===== Data under study
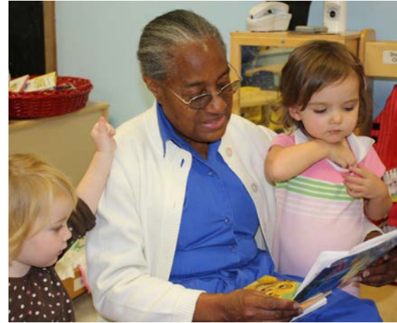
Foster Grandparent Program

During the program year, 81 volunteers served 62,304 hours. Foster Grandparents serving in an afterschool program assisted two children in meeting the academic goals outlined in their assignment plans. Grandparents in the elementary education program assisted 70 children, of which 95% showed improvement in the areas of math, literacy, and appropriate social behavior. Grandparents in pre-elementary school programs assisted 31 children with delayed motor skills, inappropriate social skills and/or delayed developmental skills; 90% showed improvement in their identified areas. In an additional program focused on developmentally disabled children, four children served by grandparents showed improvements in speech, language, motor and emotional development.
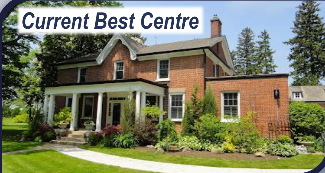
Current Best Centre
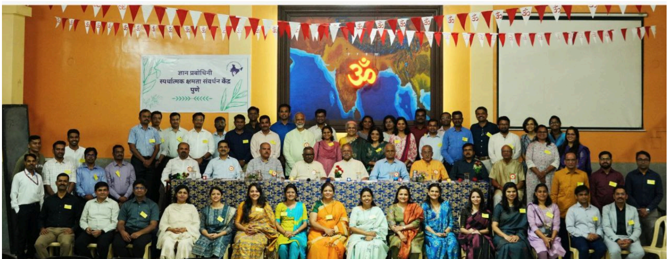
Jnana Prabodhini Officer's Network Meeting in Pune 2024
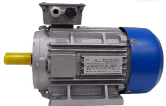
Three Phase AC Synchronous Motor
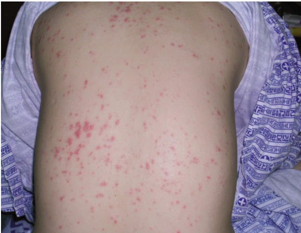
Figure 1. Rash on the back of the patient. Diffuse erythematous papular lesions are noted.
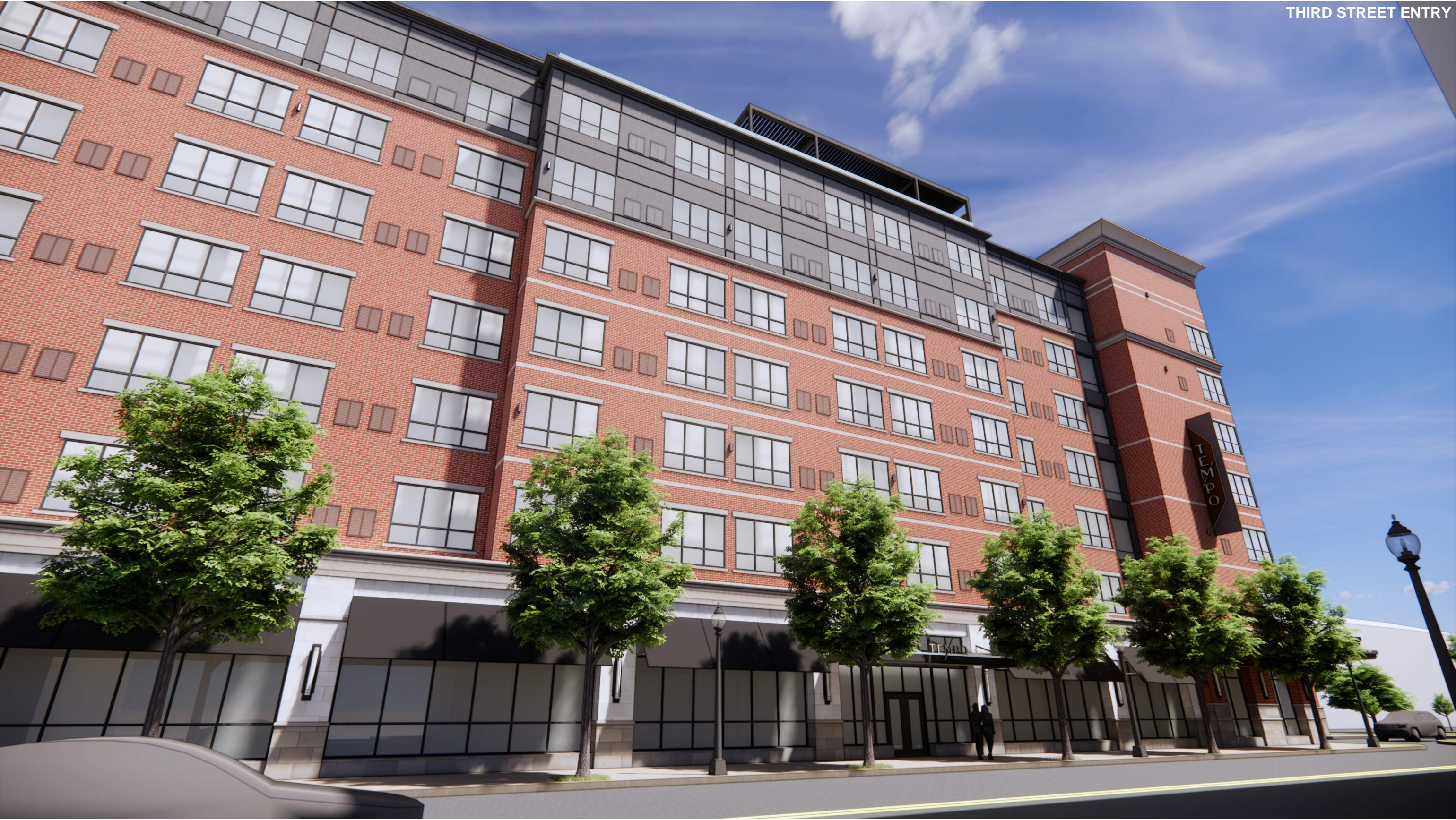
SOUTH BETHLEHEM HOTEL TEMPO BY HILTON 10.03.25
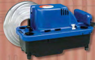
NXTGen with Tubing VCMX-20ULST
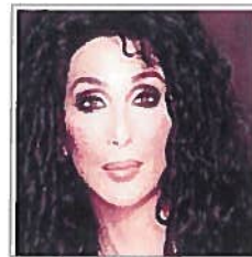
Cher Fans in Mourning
==========
__Task brief__
In the entries above, find the line containing "Current Best Centre", then please retype it and every line after it through the last, exactly as written, omitting pictures.

__Result__
Current Best Centre
Jnana Prabodhini Officer's Network Meeting in Pune 2024
Three Phase AC Synchronous Motor
Figure 1. Rash on the back of the patient. Diffuse erythematous papular lesions are noted.
SOUTH BETHLEHEM HOTEL TEMPO BY HILTON 10.03.25
NXTGen with Tubing VCMX-20ULST
Cher Fans in Mourning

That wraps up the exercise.